Casino Del Sol launched their newest concept Sweetscape Desserts to the public on Tuesday.
Located inside the casino near the Bingo Hall, Sweetscape offers a variety of sweets and treats including doughnuts, gelato, pastries, desserts, shakes, floats, sundaes, breakfast sandwiches, and coffee beverages.
“We are so excited to open Sweetscape and provide some truly incredible specialty desserts to our guests,” said Ryan Clark, executive chef at Casino Del Sol. “We put our creativity and passion into creating this delicious menu and can’t wait for them to experience it.”
Over 15 varieties of freshly-made yeast and cake doughnuts will be available in the bakeshop of Casino Del Sol, prepared by executive pastry chef Gina Skelton. Doughnuts range from $1.25 to $1.65 each, with a dozen of any flavor for $12. Doughnut holes are $4 per dozen. Over 18 flavors of house-made slow-churned gelatos are also available.
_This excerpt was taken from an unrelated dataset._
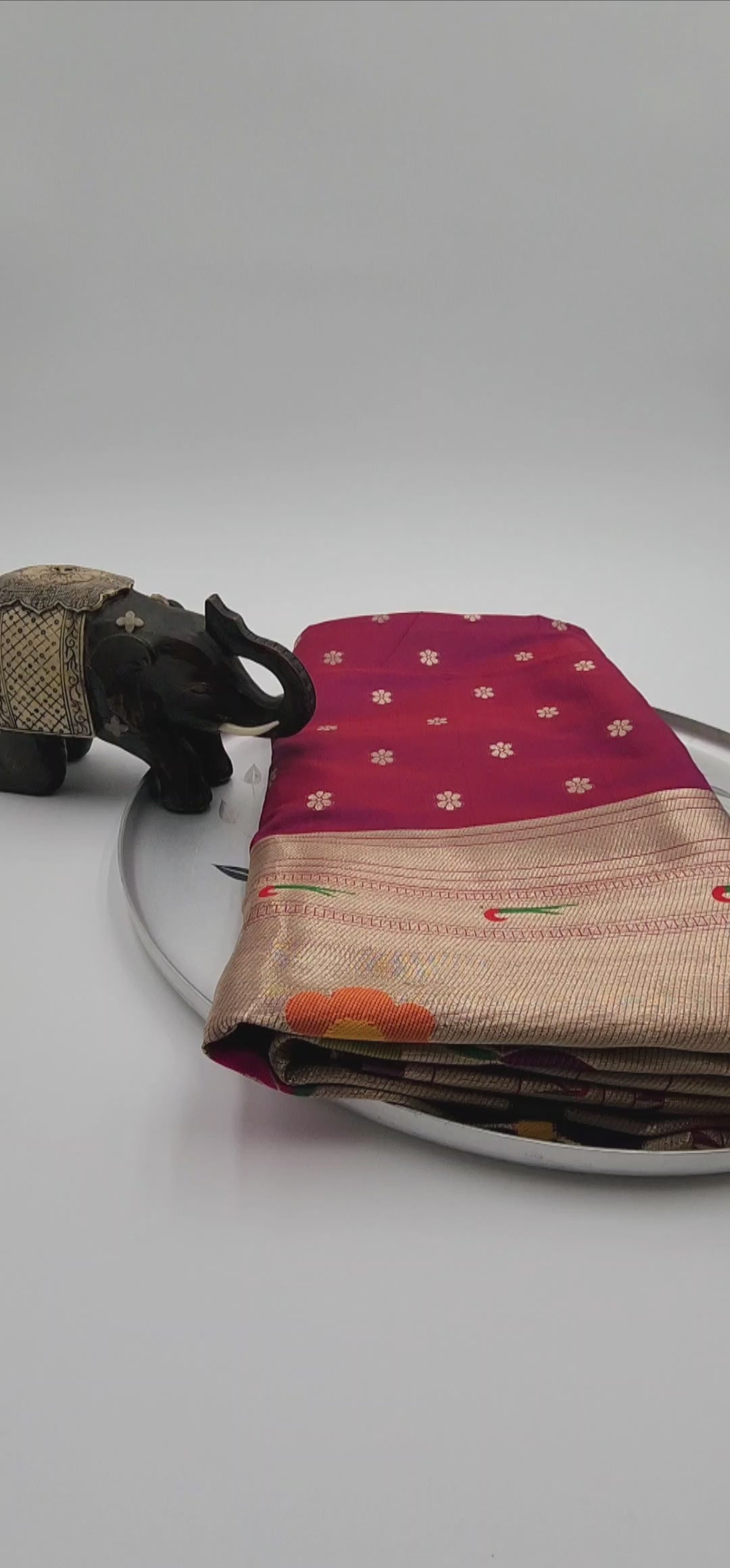 Enhance your fashion with a Paithani designer Silk Saree. Handcrafted in the expert silk fabric hub of Paithan, this saree showcases traditional mundhani and vibrant hues. The intricate mundhani design is eye-catching with a mix of dark metallic maroon and shimmering silver, featuring birds on a branch. Measuring at a full length of 6.5 meters and made with pure Paithani silk, this saree exudes elegant sophistication.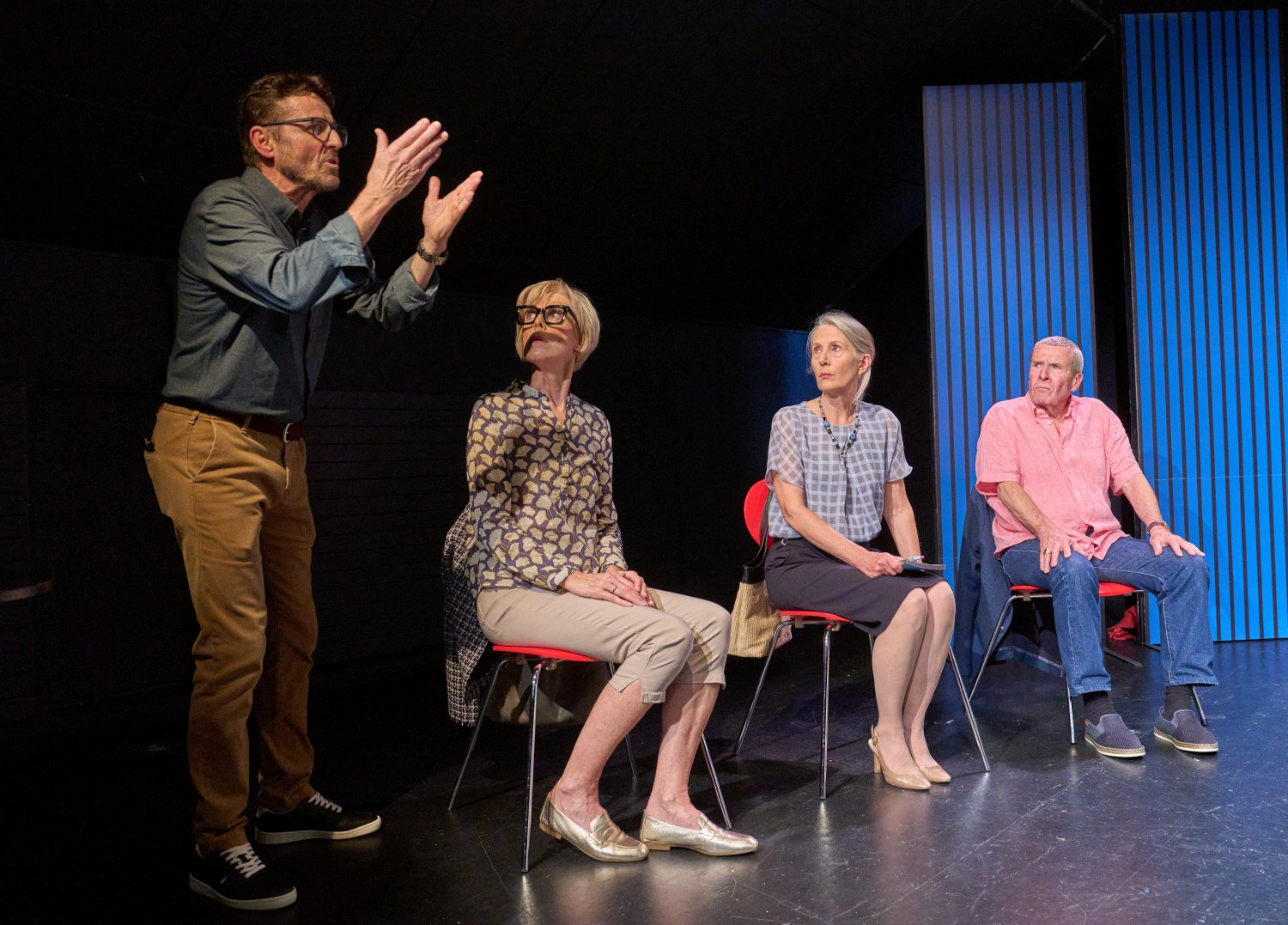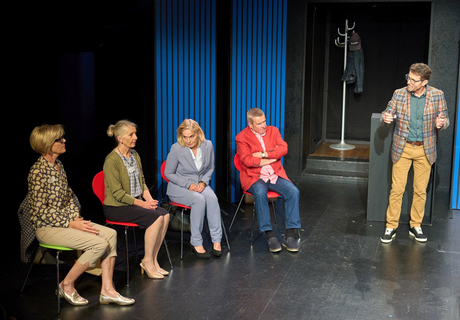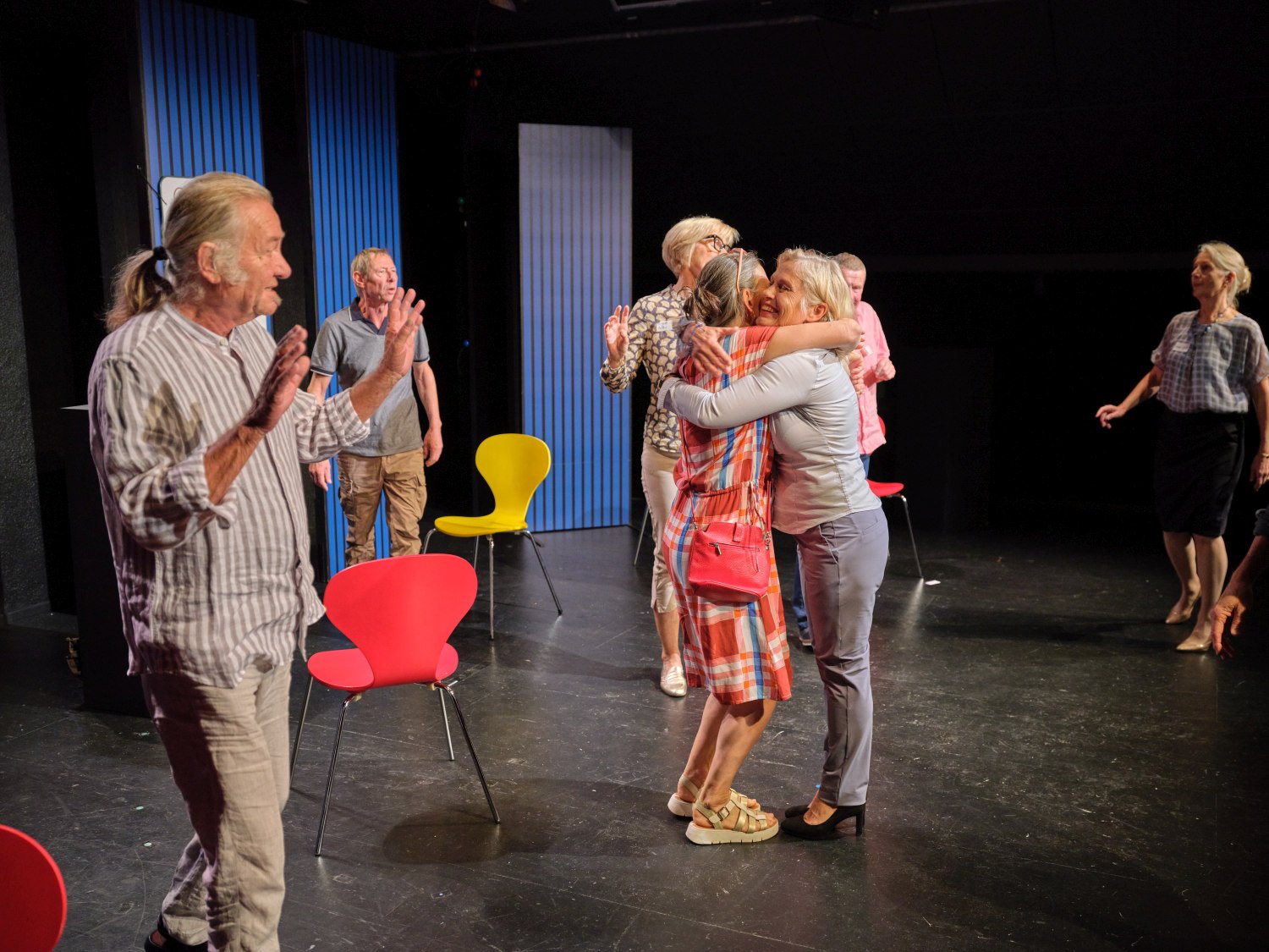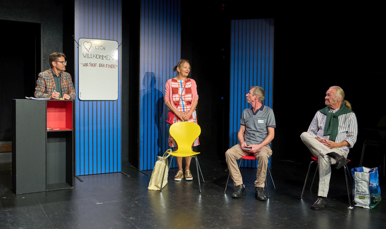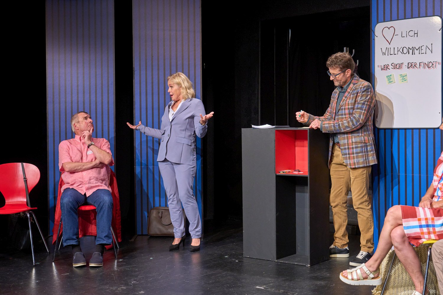 Zum StückSieben Menschen im fortgeschrittenen Alter schreiben sich für einen Kennenlernkurs ein, um endlich wieder einen Partner zu finden. Im Kurs an der Volkshochschule treffen sie auf einen Kursleiter, der seiner Aufgabe offensichtlich nicht gewachsen ist.

Guests seeking savory treats can enjoy made-from-scratch breakfast sandwiches, such as Clark’s favorite morning snack—the Ham & Cheese Croissant with jalapeños.

Sweetscape Menu Highlights
- Jailhouse Rock Shake ($7.50) – chocolate, peanut butter, banana cream pie gelato
- Donut Believe It Gelato ($3.75 for a single cup or sugar cone, $6 for a double) – freshly-made donuts, vanilla gelato, caramel swirl
- Apple Pie Sundae ($8.50) – apple pie gelato, cinnamon streusel crumble, salted caramel, candied pecans
- Maple Bacon & Chocolate Doughnut ($1.65)
- Ham & Cheese Croissant ($4.50)
- Egg, Spinach & Swiss Brioche ($4.95)
- House-made Tiramisu ($5.95)
- Frozen Sweetscape ($6.50) – mint chocolate ice cream, espresso, milk, ice
(Photo courtesy of Sweetscape Bakeshop)
Custom orders—such as specialty cakes for parties, weddings, quinceañeras, and more—are available for order.
Operating hours are 7 a.m. – 11 p.m. daily.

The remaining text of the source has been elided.